The redesign of the Israeli medical internship market can be viewed within the larger context of the design of entry level labor markets and other matching markets. The Israeli internship market is special in several dimensions. Unlike with internships and residencies in the US, hospitals have no say in the process. This is what allows probabilities to be traded among students, based only on students’ preferences over hospitals, since no information about hospitals’ preferences over students is considered.

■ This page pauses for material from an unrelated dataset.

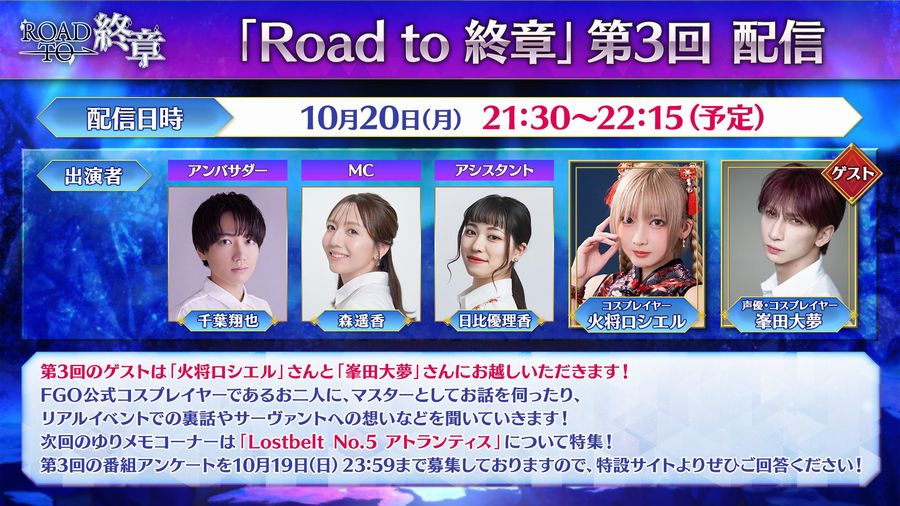 本日10月20日(月)21:30から、全マスターの「第2部 終章」到達を応援するトーク番組「Road to 終章」第3回を生配信!

There are other markets in Israel that could benefit from re-design, and in some of those markets both sides of the market have preferences over participants on the other side. One example we are aware of (and on which we understand some market design is already underway) is the match of students and clinical psychology programs. In this market, not only do students have preferences over programs, but each program has its own preferences over students. Settings like this one have been treated extensively by market designers around the world, and the accumulated knowledge offers some guidelines for the design of such systems.

Some thought is also presently being given in Israel to the way school slots are assigned to children, and the way organs for transplantation are allocated. Other markets, like the internship market for lawyers, suffer from problems that have been observed and sometimes dealt with in similar markets in other countries. So other organizations in Israel may also be able to profit from the experience that accumulates from market design, both in Israel and abroad.